1850s - War with Cheyenne

      With the buffalo being driven to extinction by white hunters, the Cheyenne and Arapaho pushed back.  Half a dozen violent encounters took place between Indians and settlers on the Oregon Trail.  The federal government was not honoring its obligations under the Fort Laramie treaty, and something had to be done about protecting the buffalo or the Indians would soon perish.

click here for more on the war with the Cheyenne

       Jefferson Davis' last official act as secretary of war was to direct a campaign against the Cheyenne in order to punish them for hostilities against whites settlers .  The Cheyenne must be '"severely punished," said Davis, "and no trifling or partial punishment will suffice." 
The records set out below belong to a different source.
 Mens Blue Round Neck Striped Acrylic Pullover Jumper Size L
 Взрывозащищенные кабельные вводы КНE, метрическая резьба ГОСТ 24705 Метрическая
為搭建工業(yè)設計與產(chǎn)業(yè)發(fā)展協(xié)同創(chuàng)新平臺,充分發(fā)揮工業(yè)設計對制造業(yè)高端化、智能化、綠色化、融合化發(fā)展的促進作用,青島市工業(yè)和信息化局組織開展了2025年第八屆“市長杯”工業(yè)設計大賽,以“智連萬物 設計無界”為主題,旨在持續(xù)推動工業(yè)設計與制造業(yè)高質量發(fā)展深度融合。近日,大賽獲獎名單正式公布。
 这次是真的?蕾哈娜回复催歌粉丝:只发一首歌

Homesteaders Crossing Indian Lands

   Settlers unlawfully encroaching on Cheyenne lands provoked open conflcts on the high plains that ultimately led to open warfare. The federal government found itself in the untenable position of protecting white settlers guilty of violating treaties and while going to war against those who had upheld American laws.  "We do not understand you white people," said the great Crow chief, Plenty-Coups.  "You break your laws and you violate your religion.  You fool no one but yourselves."     

         By right of the treaty at Horse Creek, the Cheyenne and Arapaho held title to the land between the North Platte and the Arkansas rivers.  In 1854, the eastern boundary of their territory had crumbled under the weight of settlers in the Kansas Territory, and the federal government did nothing to protect their resources.  The migration routes of the buffalo - across the central plains of Kansas and Nebraska - was now broken in two by emigrant trails which the buffalo would not cross.  Their winter camping grounds on the eastern slope of the Rockies had been taken over by gold diggers.   By 1859, more than 100,000 'fifty-niner's' were camped in the Pike's Peak country.
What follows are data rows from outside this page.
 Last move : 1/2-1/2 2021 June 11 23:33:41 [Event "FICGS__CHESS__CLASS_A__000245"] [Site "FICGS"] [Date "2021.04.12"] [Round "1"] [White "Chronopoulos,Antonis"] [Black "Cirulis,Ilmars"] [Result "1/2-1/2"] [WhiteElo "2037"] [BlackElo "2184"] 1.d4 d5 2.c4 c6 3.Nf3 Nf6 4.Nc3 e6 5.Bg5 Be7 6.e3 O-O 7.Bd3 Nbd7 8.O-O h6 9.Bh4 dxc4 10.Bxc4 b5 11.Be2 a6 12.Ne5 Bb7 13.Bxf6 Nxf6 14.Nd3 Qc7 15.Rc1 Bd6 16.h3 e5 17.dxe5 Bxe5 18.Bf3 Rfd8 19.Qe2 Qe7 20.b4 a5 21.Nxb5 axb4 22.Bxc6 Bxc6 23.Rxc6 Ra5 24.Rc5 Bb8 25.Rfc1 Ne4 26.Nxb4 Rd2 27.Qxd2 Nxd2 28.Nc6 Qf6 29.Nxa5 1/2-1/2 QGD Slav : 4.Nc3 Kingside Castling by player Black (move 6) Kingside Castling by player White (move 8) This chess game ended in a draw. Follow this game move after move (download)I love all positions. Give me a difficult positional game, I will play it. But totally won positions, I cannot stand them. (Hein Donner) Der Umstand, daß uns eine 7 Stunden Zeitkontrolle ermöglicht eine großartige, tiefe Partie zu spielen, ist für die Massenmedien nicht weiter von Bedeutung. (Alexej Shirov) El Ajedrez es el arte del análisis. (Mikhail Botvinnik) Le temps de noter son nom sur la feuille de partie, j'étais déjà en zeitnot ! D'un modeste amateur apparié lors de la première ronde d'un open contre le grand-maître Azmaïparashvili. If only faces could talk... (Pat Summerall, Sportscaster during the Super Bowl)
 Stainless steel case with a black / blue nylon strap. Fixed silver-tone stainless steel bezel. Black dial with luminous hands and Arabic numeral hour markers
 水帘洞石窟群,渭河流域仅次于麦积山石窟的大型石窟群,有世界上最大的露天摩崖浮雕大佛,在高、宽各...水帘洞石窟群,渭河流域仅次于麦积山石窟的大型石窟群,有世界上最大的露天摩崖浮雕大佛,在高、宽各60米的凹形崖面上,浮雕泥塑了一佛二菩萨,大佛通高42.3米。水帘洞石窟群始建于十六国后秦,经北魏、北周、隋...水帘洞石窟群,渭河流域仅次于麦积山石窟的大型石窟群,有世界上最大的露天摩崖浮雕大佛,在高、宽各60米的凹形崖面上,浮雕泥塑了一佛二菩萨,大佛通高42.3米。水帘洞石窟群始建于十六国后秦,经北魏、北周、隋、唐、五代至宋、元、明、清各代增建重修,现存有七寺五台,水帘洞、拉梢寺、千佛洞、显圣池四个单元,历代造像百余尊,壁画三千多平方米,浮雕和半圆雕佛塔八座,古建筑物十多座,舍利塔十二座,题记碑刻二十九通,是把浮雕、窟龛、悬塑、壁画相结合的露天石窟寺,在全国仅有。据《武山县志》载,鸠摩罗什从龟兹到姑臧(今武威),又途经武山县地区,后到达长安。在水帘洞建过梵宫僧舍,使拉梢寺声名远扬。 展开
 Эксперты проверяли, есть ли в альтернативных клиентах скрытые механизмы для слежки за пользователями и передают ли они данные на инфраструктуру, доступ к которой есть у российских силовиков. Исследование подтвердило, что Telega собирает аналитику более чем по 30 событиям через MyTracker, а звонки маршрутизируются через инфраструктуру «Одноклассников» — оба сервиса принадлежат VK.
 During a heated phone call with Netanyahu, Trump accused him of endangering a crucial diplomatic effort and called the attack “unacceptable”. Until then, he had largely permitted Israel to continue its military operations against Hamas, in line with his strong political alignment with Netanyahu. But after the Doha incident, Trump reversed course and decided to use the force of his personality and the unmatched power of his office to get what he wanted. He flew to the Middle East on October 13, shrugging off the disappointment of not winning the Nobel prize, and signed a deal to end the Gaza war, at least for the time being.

         At the conclusion of the Horse Creek Treaty, treaty commissioner Thomas Fitzpatrick predicted that the freedom of the Plains Indian would be vanquished by the white man in one more lifetime.  His prediction, only five years old, was already coming to pass.

         Western historian S.J. Killoren wrote : "It was one of the most flagrant and serious violations of the guarantees made to the Plains tribes by the Fort Laramie treaty.  The invasion of Indian country by settlers was specifically prohibited by the Kansas/Nebraska Act of 1854.  Also, where were the white troops to protect Indian rights?  And while this was a depredation far more excessive than any Indian attack on an emigrant wagon train, it occasioned no government condemnation.  The War department fielded no expeditionary force to punish and remove the invaders and thus maintain the promised peaceful coexistence.  The Indian office, with direct responsibility, never filed a single complaint with the Department of War, or petitioned Congress to enforce treaty obligations.  William Bent noted in 1859 that gold miners had quickly taken over choice Indian country and brought "many causes of irritation" to the land's owners.  Now they were being pressed into a small territory that was beset by the constant parade of emigrants from Texas, Kansas, and the Platte, and bisected into even smaller segments by criss-crossing roads." 

         Bent foreshadowed things to come in his annual report to Washington: "A smothered passion for revenge agitates these Indians, perpetually fomented by the failure of food, the encircling encroachments of the white population, and the exasperating sense of decay and impending extinction with which they are surrounded."